> SUPPLIED DATA
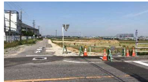
【整備が決定した道路】 (令和3年6月9日撮影)
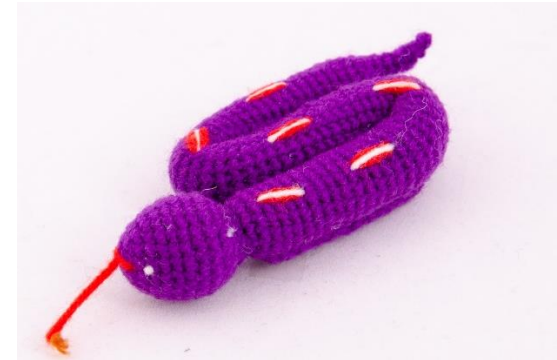
Lila Schlange (S7)
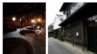
【醤油醸造と歴史的建造物】

国選定「湯浅町湯浅伝統的建造物群保存地区」等と，醤油・ 金山寺味噌の醸造や熊野古道における信仰・往来，三面獅子舞等からなる歴史的風致の維持向上を図るため，歴史的建造物の保存修理や整備活用，熊野古道周辺の道路美装化，伝統行事の継承支援等が位置づけられています。
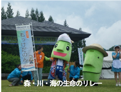
森・川・海の生命のリレー
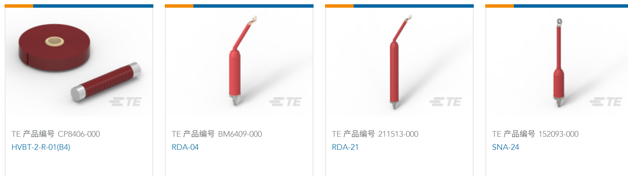
TE 产品编号 CP8406-000 HVBT-2-R-01(B4)
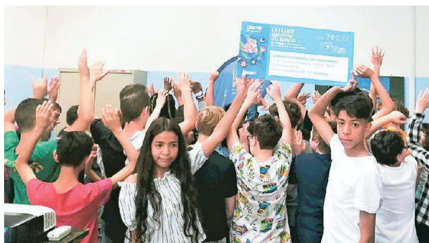
La consegna del premio agli studenti della Tasso

Tra le 81 foto ricevute dalle secondarie di I grado, la 3 a A della scuola media Torquato Tasso di Ferrara si è aggiudicata il primo posto con "L'aria pulita ti salva la vita", un manifesto dipinto ad acquerello in cui appaiono i maggiori monumenti della Terra in un'atmosfera sognante e protettiva.
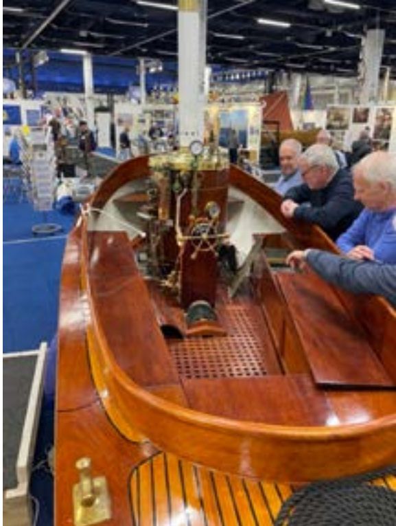
Besökare beundrar mästerverket.
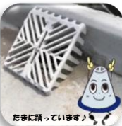
たまに踊っています♪

Instagramを2020年年末にスタートして一年半ほど経ちました！平日毎日画像を更新中しています。当初はインスタ映えるものではないから・・・と社内では皆、冷ややかな目でしたが(笑)、現在はフォロワー1700を突破しました。今後もコミュニケーションの場として更新して参りますので、ご高覧いただければ幸いです。コメント・メッセージお待ちしております！
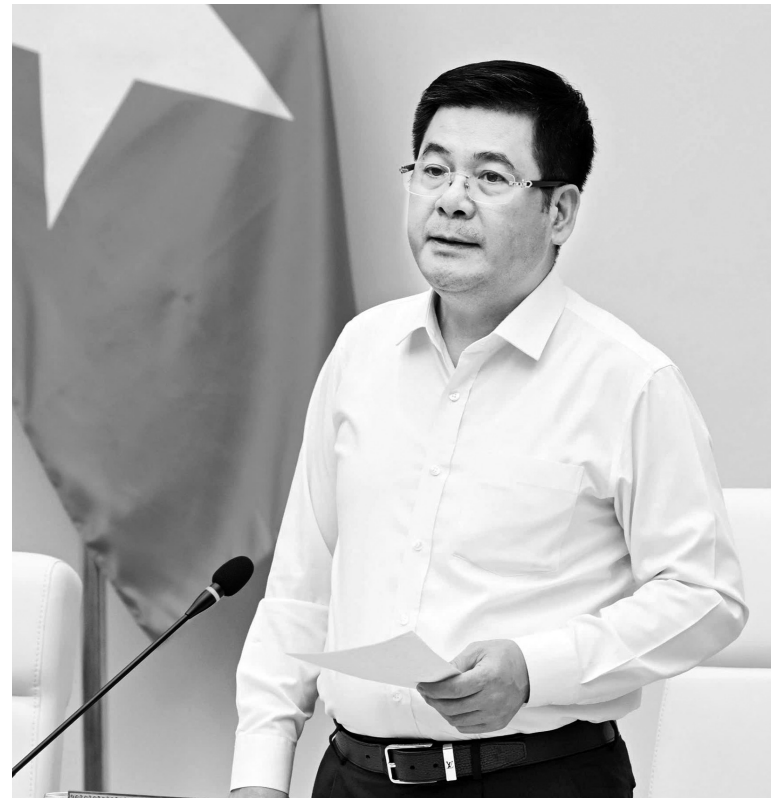
Bộ trưởng Bộ Công Thương Nguyễn Hồng Diên phát biểu chỉ đạo tại hội nghị
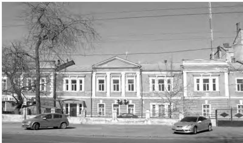
Вид на бывший дом Софии Потоцкой со стороны улицы Конной. Снимок автора начала 2010-х гг.

На протяжении ряда лет София Потоцкая периодически жила в Одессе, вплоть до 1820-го: в это время она выясняла территориальные отношения с одним из соседей по другому принадлежавшему
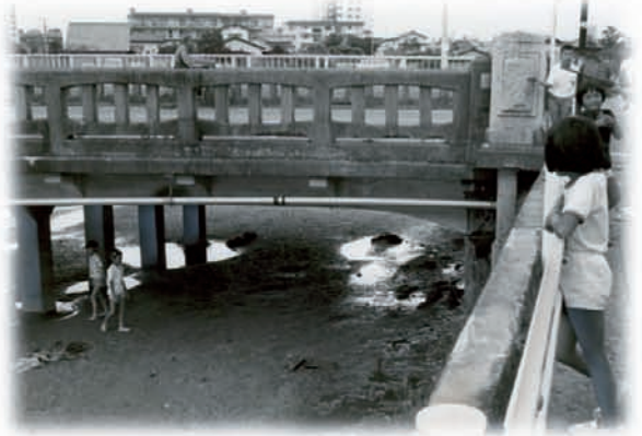
干潟で遊ぶ子供たち 昭和55年
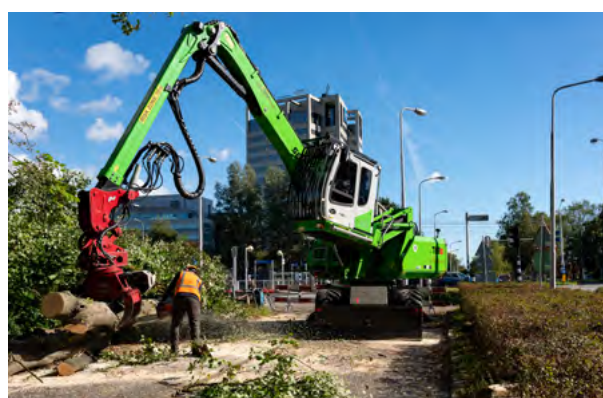
Helaas noodzakelijk: het verwijderen van groen bij Kronenburg.
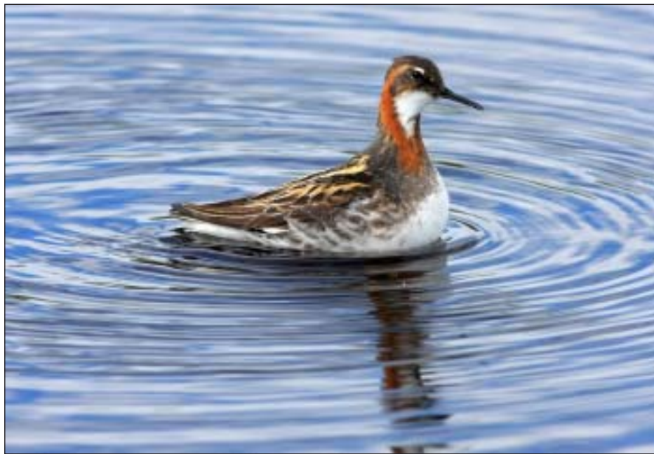
Smalnäbbad simsnäppa var mycket vanlig i området.

Problemen med skavsåren på fötterna gjorde sig mer och mer påmind. Det var svårt att komma igång och gå efter de pauser som jag gjorde. Till slut så kom jag ned till det ställe där Jeutojåkk rinner ut i Taavaätno och de värsta videområdena var passerade. Jag tog en lång paus innan jag fortsatte de sista fem kilometrarna, för jag var ganska mör. När jag vid halv åtta-tiden på kvällen kom fram till tältet var jag rejält slitna efter ett tolvtimmars pass på myr och i vide. Dessutom var det ingen vacker syn när jag tog av mig stövlarna och betraktade de skavsår som fanns både på stor- och lilltår på båda fötterna, fast högra var värst. Tydligt var stövlarna alldeles för smala.
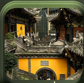
“ วัดหลัวอัน ”
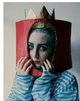
8) Saoirse Ronan mit Pappkrone- und ausschnitt. Fashion: Miu Miu. London, 2015
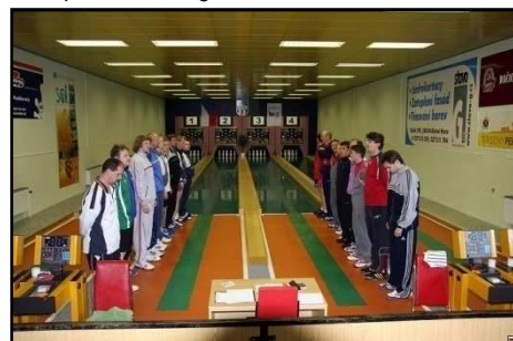
Slavnostní nástup na Mistrovství ČR mužů 2008.
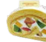
Fruits roll cake フルーツロールケーキ

なびターチョコレートを使用したムースとスポンジを幾層にも重ね、表面をチョコレートでコーティングしました。様々な食感の、ショコラ好きにはたまらない濃厚で香り高いチョコレートケーキです。
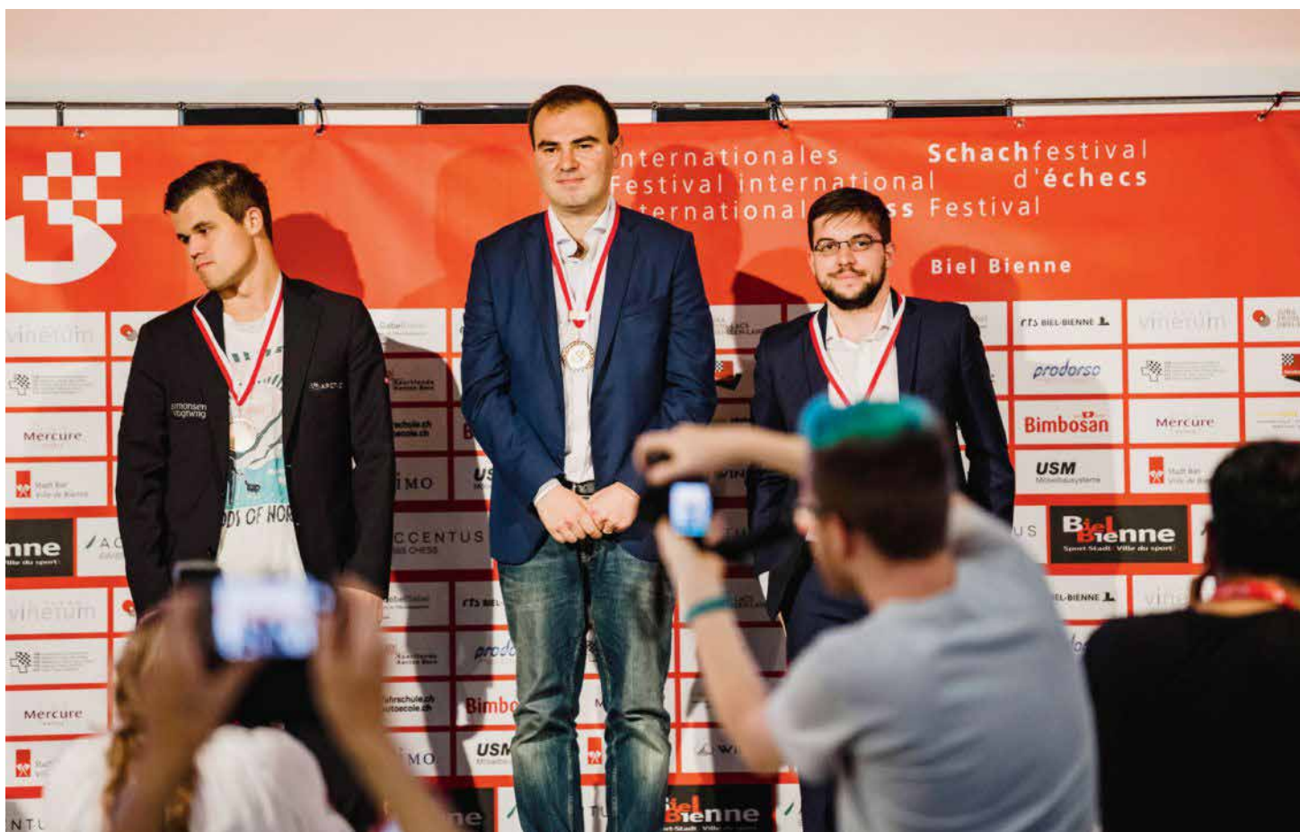
Pour sa première venue à Bienne, Shakhryiar Mamedyarov a fait fort. Il a dominé le grandissime favori Magnus Carlsen, qui termine sur la deuxième marche du podium, devant le Français Maxime Vachier-Lagrave, quadruple vainqueur du tournoi.
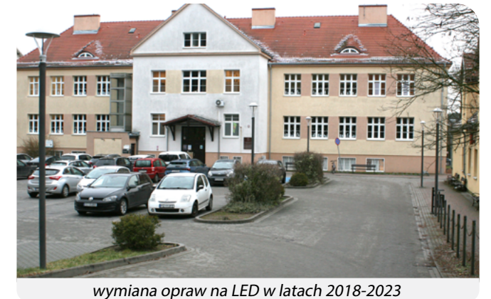
wymiana opraw na LED w latach 2018-2023
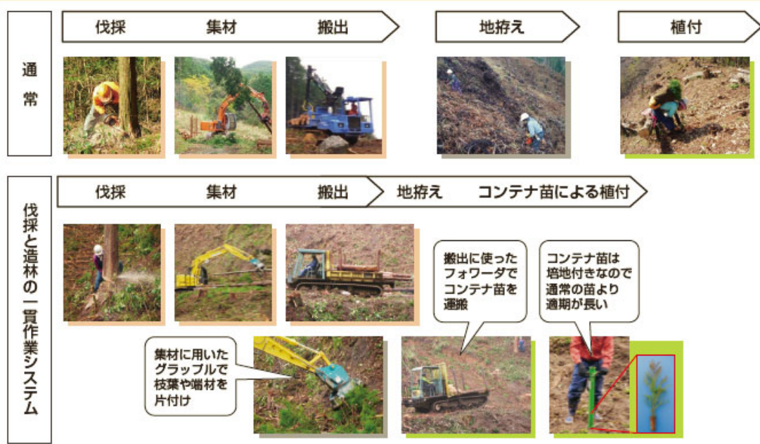
「伐採と造林の一貫作業システム」の仕組み
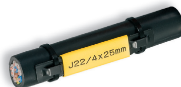
PO-068TW kabelmärkning på POH
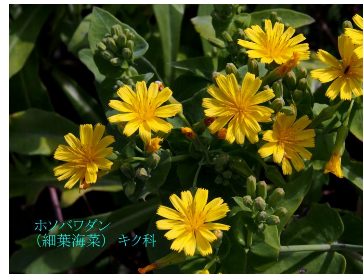
ホソバワダン (細葉海菜) キク科
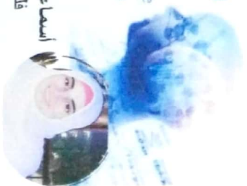
أسماء حussen فلسفة

19th International Conference Artificial Intelligence in Education
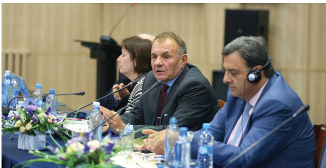
XVIII международный научный конгресс «Олимпийский спорт и спорт для всех» в Казахской академии спорта и туризма, посвященный XXVIII Всемирной зимней Универсиаде 2017 г. и 70-летию академии. Алматы, 2014 г.
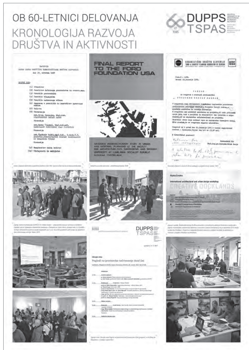
Slika 1: Kronologija razvoja društva in aktivnosti

Začetki organizacije urbanizma po drugi svetovni vojni pri nas segajo v petdeseta leta. Na prvem posvetovanju arhitektov urbanistov FLR Jugoslavije 1950 v Dubrovniku je imel prof. Edo Ravnikar referat Problemi arhitekture in urbanizma v LR Sloveniji, predvsem o urbanističnem planiranju in projektiranju naših mest. Zagovarjal je upoštevanje že obstoječe decentralizacije, v

> TASK TO CARRY OUT
In the records, how many lines hold the word "Tasso"? Answer with the number and no other words.

> OUTPUT FOR THIS TASK
2